# 18538 Shear Pin(s)



## blane (Aug 12, 2004)

Hi all,

I recently acquired an 18538 blower and am trying to understand how the shear(?) pin(s) are suppose to work. In the exploded diagrams shown on this site item #41 is called a Drive Pin and item #42 is called a Shear Pin. What are these pins? Roll pins? Why is there 2? Why are they called different names when they go through the same pieces of steel?

Thanks in advance,
Blane


----------



## guest2 (Dec 27, 2003)

Hi Blane
Welcome to TF! I don't see any difference in the two aside from the diameter. Seems from the diagram that if the shear pin snapped the drive pin would still be holding it.

My experience on the older flat back sno-thrower is the chain breaks if you hit something like a sewer cap.


----------



## blane (Aug 12, 2004)

Hi Sixchows,

Thanks for the welcome. I have been lurking here for a while. 

In regard to your response I don't see how one pin can break and the other can't. They both go through the same pieces of metal. They have different names but they both seem to be the same thing (roll pins). When I received my blower the smaller hole (3/16") had a roll pin in it. In a bag of hardware that came with the blower were a couple of larger roll pins that would seem to fit into the larger hole (1/4"), but I'm not sure... Why would they have different names if they seem to be the same thing?

What is everybody else doing? Leaving the larger hole empty? Does the small roll pin have enough strength to keep from shearing everytime moderate resistance is met?

Thanks in advance,
Blane


----------



## guest2 (Dec 27, 2003)

Blane

They might have different strengths. I wouldn't worry too much about them breaking. Just be sure each hole has the proper pin. My older style blower doesn't have any shear pins and aside from my brother hitting a sewer cap about 25 years ago and breaking the chain, nothing else was ever a problem. Didn't even bend anything, just the chain snapped.


----------



## henrylimmer (Nov 12, 2004)

I have a 18538 snow caster that I believe to be pretty much factory original save the new chain I just put on. Mine has the smaller of the two pins, I think it's called the drive pin, but has never had the larger pin as the hole is still completely painted without any scratches at all.
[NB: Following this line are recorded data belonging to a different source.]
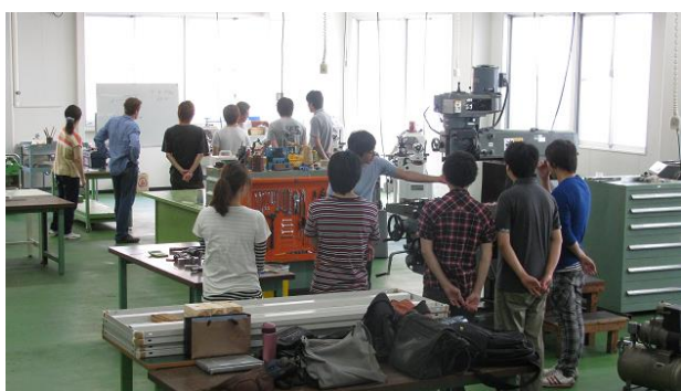
図 3 安全講習会の実施風景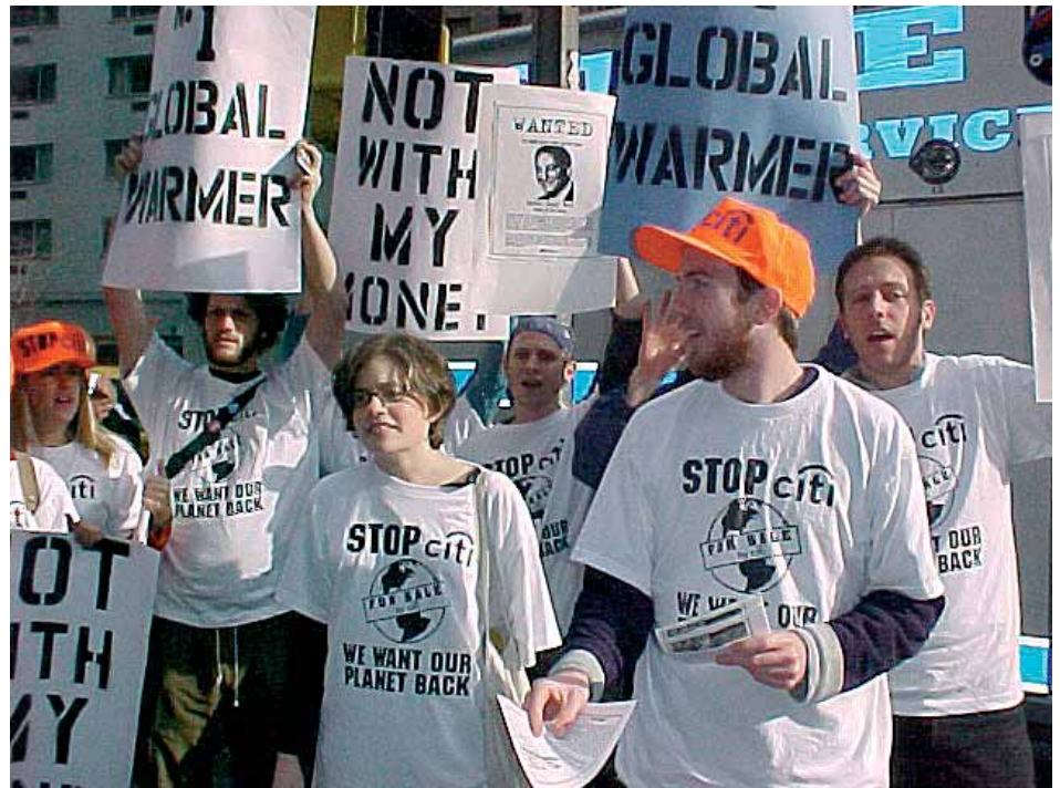
Die Menschen wehren sich gegen weitere Waldvernichtung. Umweltschutzorganisationen aus aller Welt unterstützen ihre Forderungen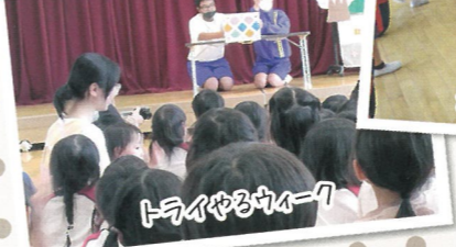
氷上西高生との交流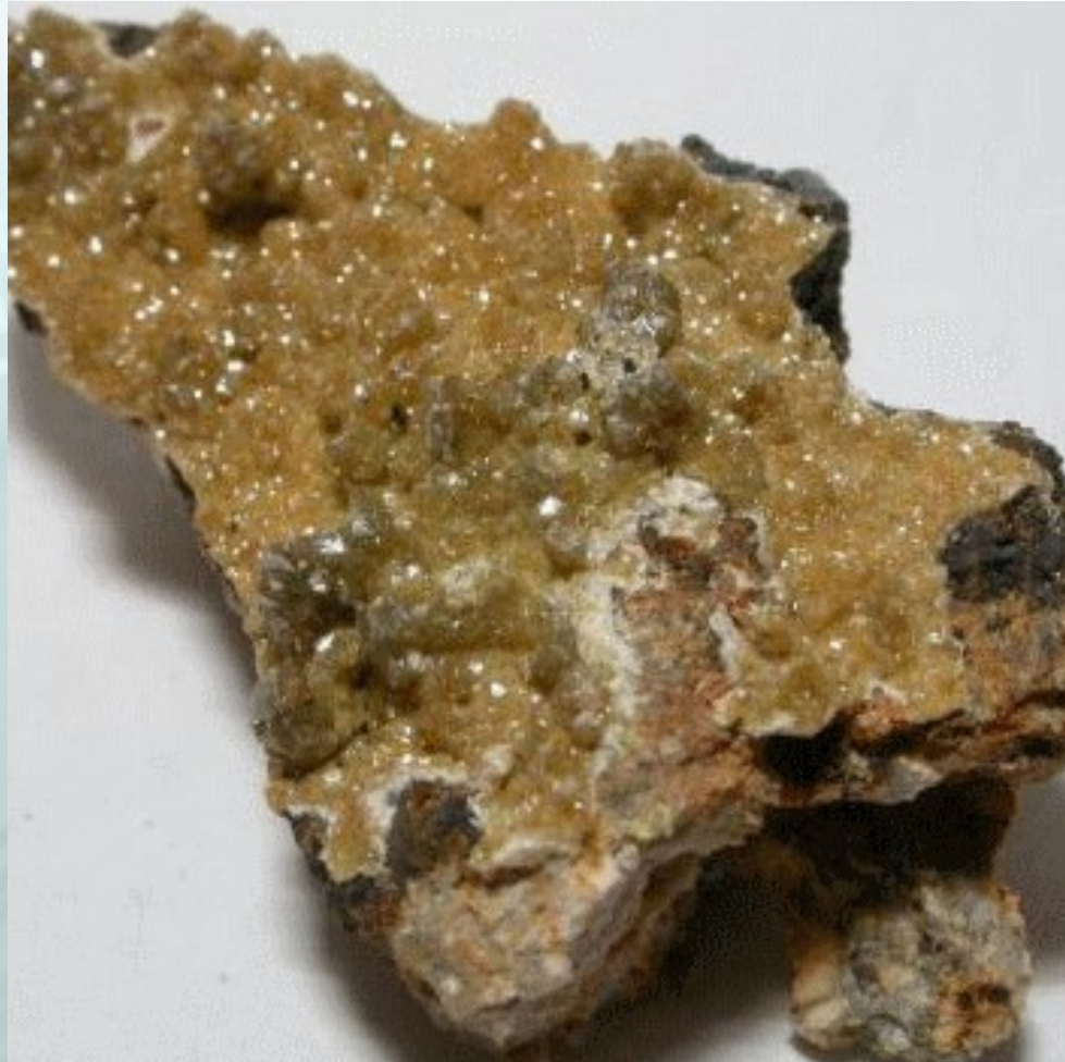
IMMAGINE ESEMPLIFICATIVA DI AGGREGAZIONE DI VANADITE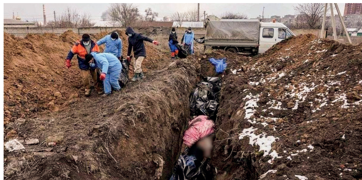
Массовое захоронение мирных жителей. Украина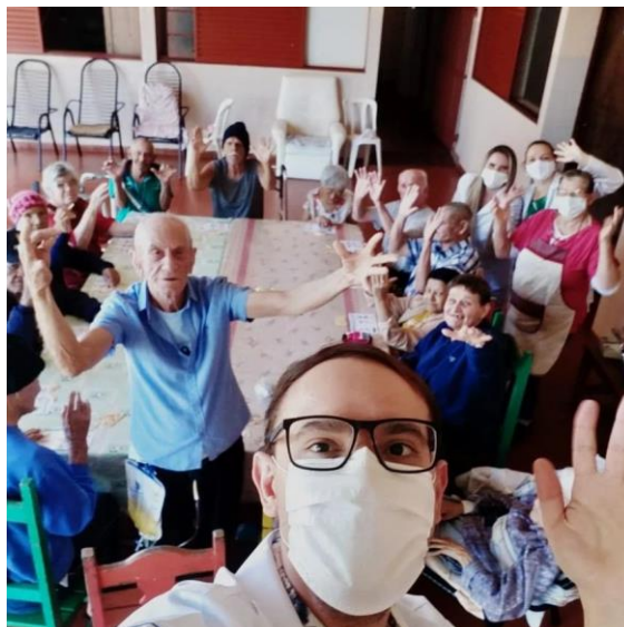
Encerramento das atividades: bingo adaptado, realizado em 24/08/2022 e confraternização.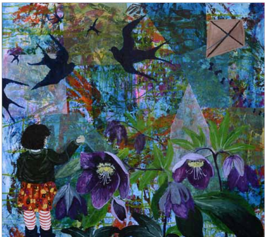
Forår i haven.

Historierne er eventyragtige og drømmene, med umage venskaber mellem børnene og bjørne, isbjørne, svaler og harer. Når undtages billedet om foråret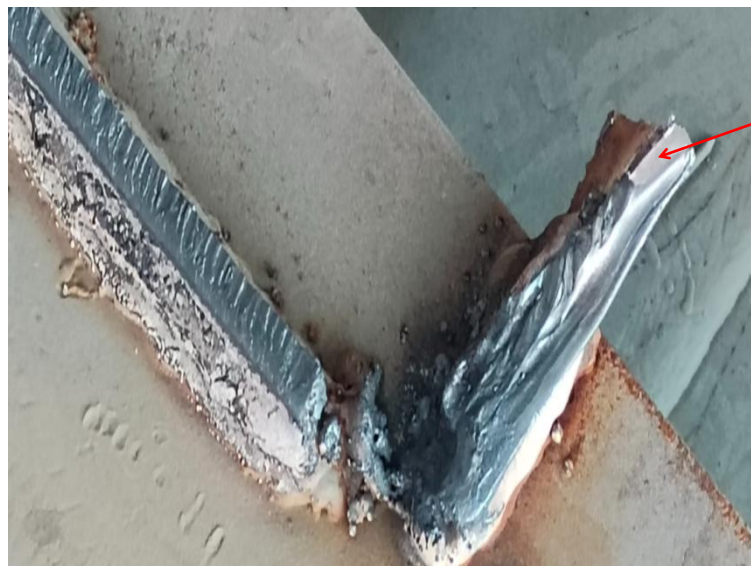
图 7 M61 分段顶部对应的槽钢 A 切割部位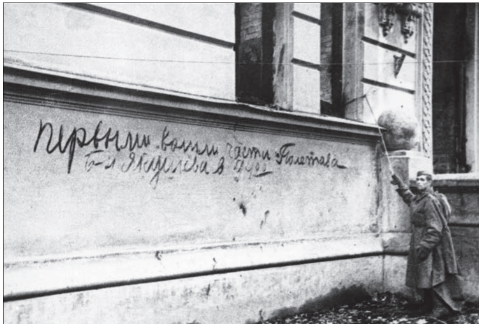
Напис на будівлі бібліотеки ім. ВКП(б) у перші дні звільнення Києва від нацистів. Листопад 1943 р.

ЦДКФФА України ім. Г. С. Пшеничного, од. обл. 0-74764.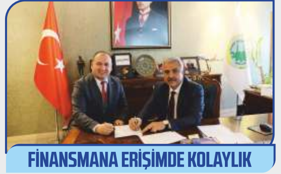
FİNANSMANA ERİŞİMDE KOLAYLIK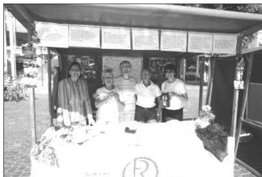
Integrationstag 9. Juni 2006 auf dem Lübecker Rathaus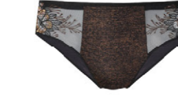
Slip 3 554 20 SIZE 38-50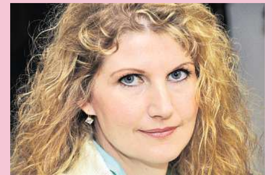
Natürlich werden die schönen Augen der Kandidatin unterstrichen und hervorgehoben.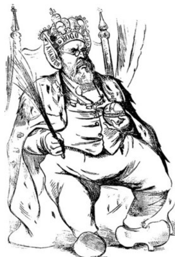
”Kongen af Bogø” fra Folkets Nisse

købstadskolerne blev sidestillet med hensyn til undervisningens indhold. På det tidspunkt hed kultusministeren J.C. Christensen og hørte til i Venstre. Og der skulle yderligere gå lidt over 100 år - til 2006, før den konservative del af Folketinget stemte for en lov om folkeskolens form og indhold. På det tidspunkt hed statsministeren Anders Fogh Rasmussen og undervisningsministeren Bertel Haarder, som gennem sit lange politiske liv altid førte sin statsministers politik. For at få den konservative del af Folketinget med havde Fogh Rasmussen undervejs måttet ofre sin oprindelige undervisningsminister, partifællen Ulla Tørnæs, som holdt fast i den grundholdning for børns undervisning, der først blev lagt frem af Ludvig Holstein-Ledreborg i 1872.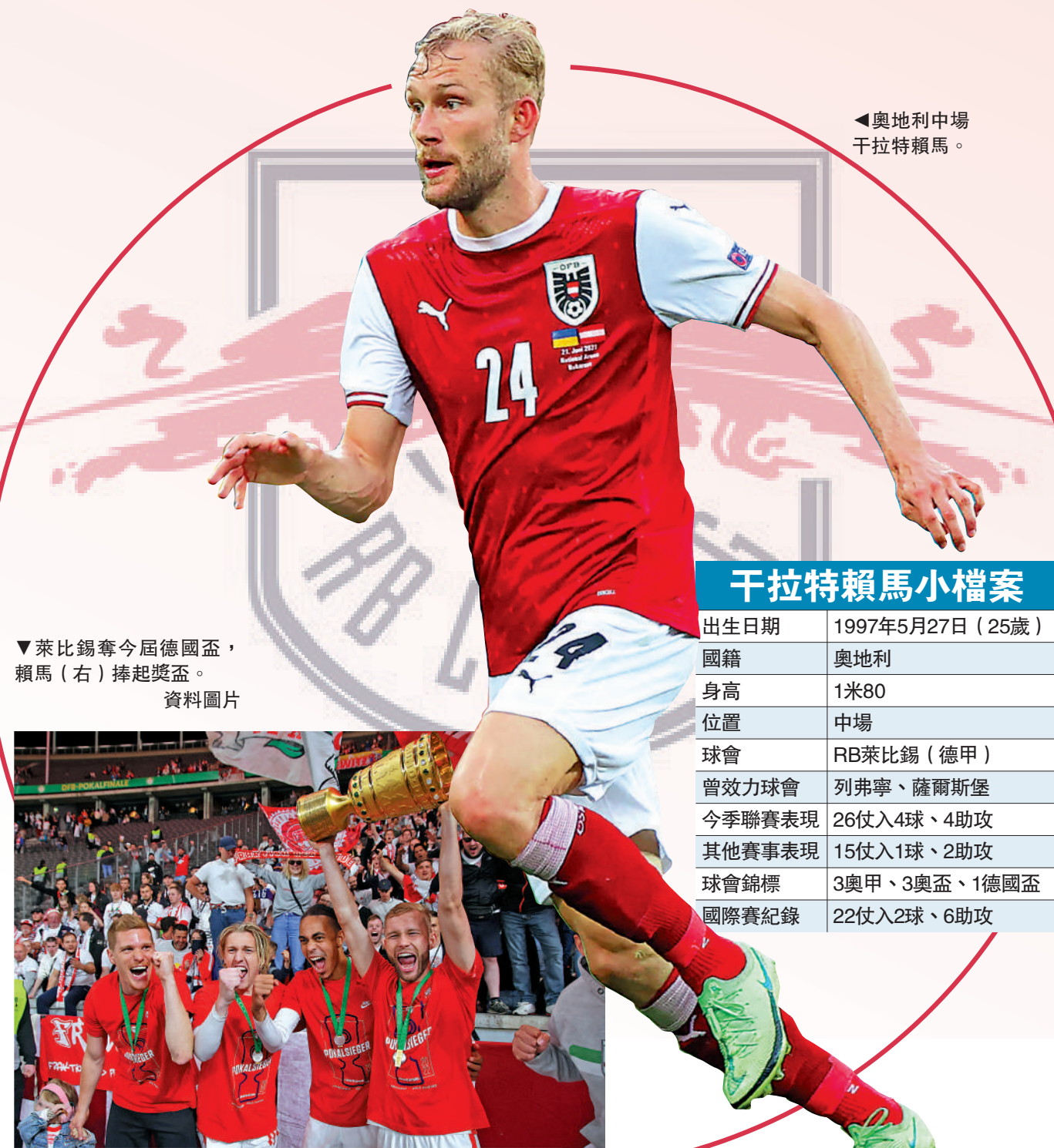
▲奧地利中場干拉特賴馬。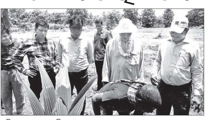
କପିଳାସ ତପୋବନ ମହିମା ପୀଠରେ ବନ ମହୋତ୍ସବ।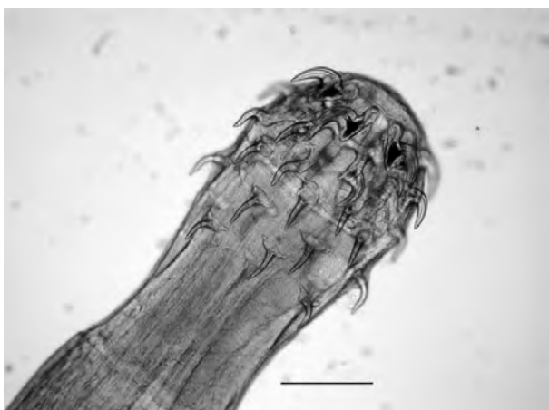
Figura 1. Oligacanthorhynchus carinii . Proboscis de un espécimen adulto. Escala 0,2 mm

Esta especie ha sido descrita en mamíferos dasipódidos (Dasyopidae): Dasyus novemcinctus de Brasil (Travassos, 1917; Lent y Freitas, 1938); en Tolypeutus tricinctus conurus de Bolivia (Meyer, 1933); en Chaetophractus vellerosus y Tolypeutus mataco procedentes de Argentina (Martínez, 1984) y en Tolypeutes mata-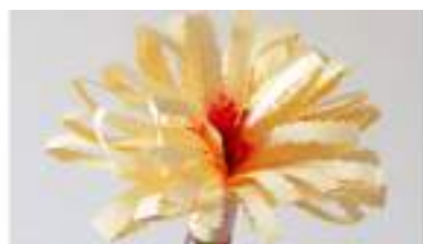
ATELIER CREATION DE FLEURS TRICOLORES EN PERLES PLUMES OU PAPIER CREPON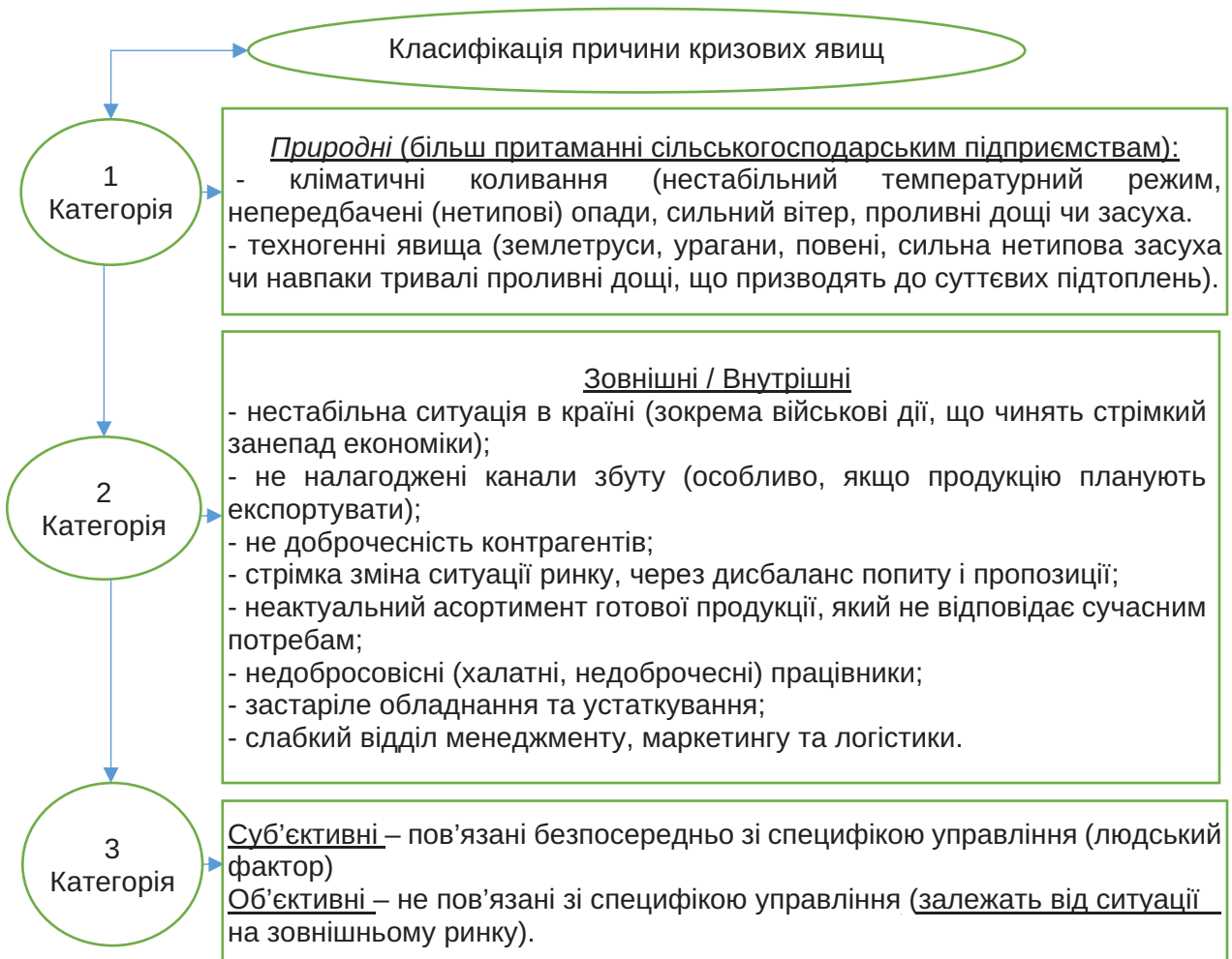
Рис. 1. Класифікація кризових явищ

Вважаємо, що антикризове управління стало невід'ємною складовою ведення вітчизняного бізнесу. Даний фактор спричинений доволі нестабільною економічною ситуацією, досить низькою інвестиційною привабли-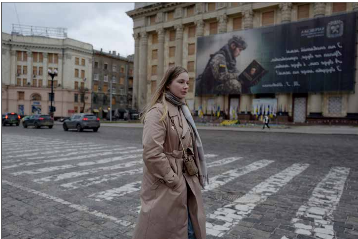
© Marion Péhée - Lauréate 2025 de la Bourse Canon de la Femme Photojournaliste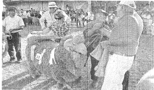
El Gran Campeón es consagrado con todos los honores de la ocasión, ante la algarabía de su cuidador.

en la raza Merino Astado, se trata de un animal que tiene un peso de 148,5 kilos y la finura de su lana que alcanza los 21,8 micrones, un nivel óptimo para trabajar esa materia prima.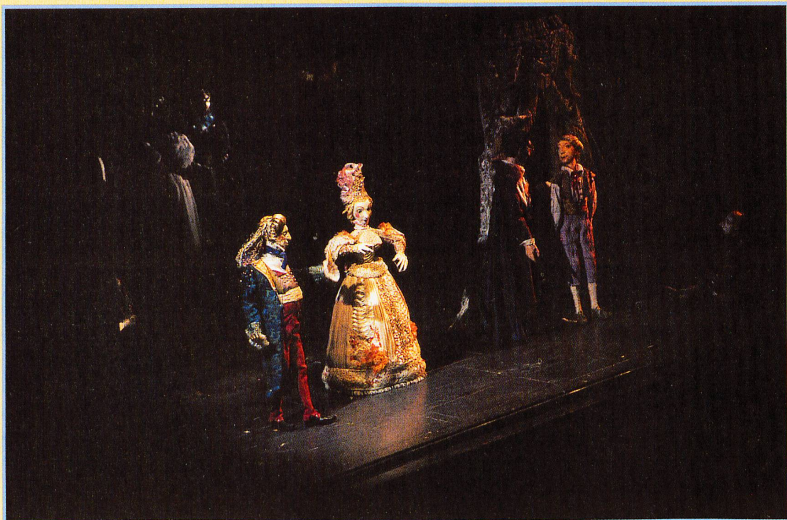
Une scène des «Contes d'Hoffmann» de Jacques Offenbach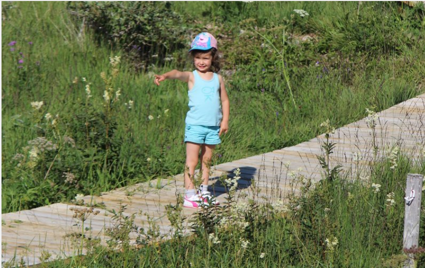
Tourbière de Nanchez (Julien Vandelle)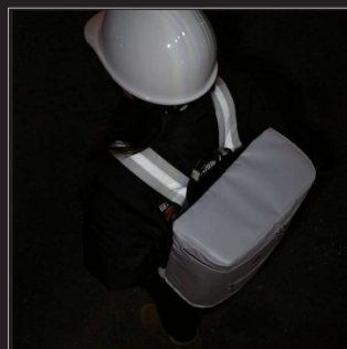
肩ベルト上部まで反射材を使用。上空ヘリからの発見に有効です。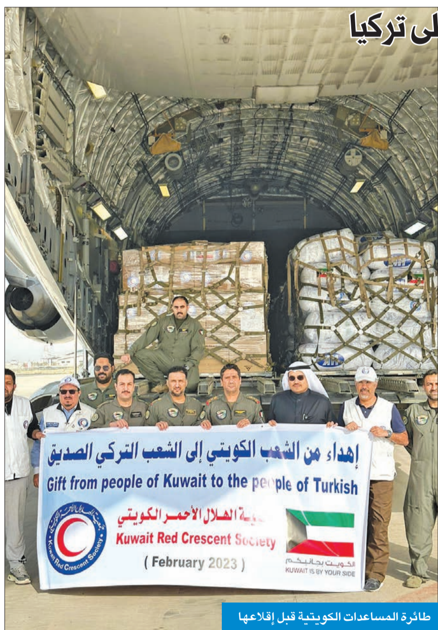
طائرة المساعدات الكويتية قبل إقلاعها

تابعة للقوة الجوية الكويتية أقلعت صباح أمس محملة بمواد إغاثية تقدر بحوالي 42 طناً، بالإضافة إلى اطعم «شفاة الطبية» التابعة لبيت الزكاة الكويتي لتجنيب تركيا لمساعدة المتضررين من الزلزال. وأضاف العوضي أن جسر الإغاثة الجوي لمتضرري الزلزال في الجمهورية التركية مستمر، إذ هناك عدد من الطائرات يتم تجهيزها بالتعاون والتنسيق مع «الهلال الأحمر» وجهات حكومية أخرى، ولجان خيرية وإغاثية لنقل المساعدات الطبية والإغاثية والمعيشية إلى المناطق المنكوبة في تركيا.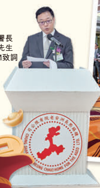
▲ 懲教署署長黃國興先生CSDSM致詞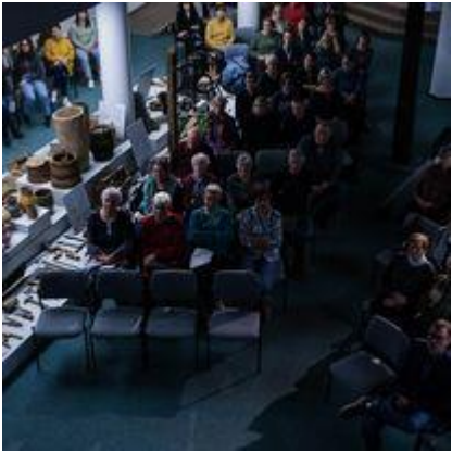
Vilniaus universiteto Istorijos fakulteto organizuota istorinė konferencija „Praeities atsivėrimai“ žmonės, įvykiai, paveldas“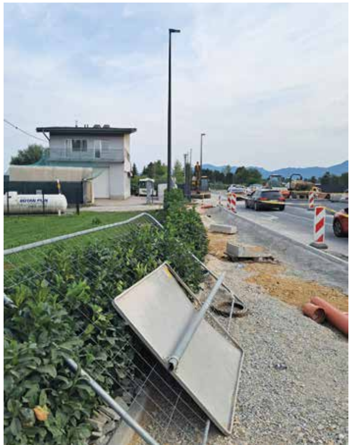
Prometni zastoji in obvozi bodo še nekaj časa naš vsakdan. Gradnja kanalizacije in druge infrastrukture.

V zadnjem letu in še malo smo tudi v ČS Rudnik občutili prometni kaos kot posledico zaprtja cest zaradi izgraditve komunalnega omrežja. Še nekaj časa bomo na cesti morali biti strpni, a nekaj novih cest je že urejenih, prav tako tudi novo križišče Ižanska cesta – Peruzzijska ulica – Črna vas, ki pomeni tudi dokončno ureditev Črnovaške ceste. Kmalu se bomo lahko vsi prepeljali po celotni prenovljeni Ižanski cesti z novim mostom, vseeno pa nas čaka še nekaj novih gradbišč. Vaša podpora in razumevanje sta pomembna, zato ostanimo strpni in potrpežljivi do vseh udeležencev v prometu in seveda tudi do izvajalcev del.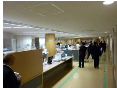
施設調査2011（倉敷中央病院）

I think the larger hole may be there to use a normal bolt as a shear pin if the factory roll pin brakes. A grade 2 bolt would have to be larger to have the same shear strength as a hardened steel roll pin. Just my initial thought.



> _Originally posted by blane _
> *Hi all,
> 
> I recently acquired an 18538 blower and am trying to understand how the shear(?) pin(s) are suppose to work. In the exploded diagrams shown on this site item #41 is called a Drive Pin and item #42 is called a Shear Pin. What are these pins? Roll pins? Why is there 2? Why are they called different names when they go through the same pieces of steel?
> ...


----------



## blane (Aug 12, 2004)

Thanks for the response.

The larger hole you are referring to as maybe a place to put a bolt if the roll pin brakes sounds plausable. However, my blower (new), same as yours, came with an extra roll pin the exact size of the larger hole. As if the small one were to brake or keep braking you could put in the larger one or one in the larger hole and one in the smaller hole???

Thanks,
Blane


----------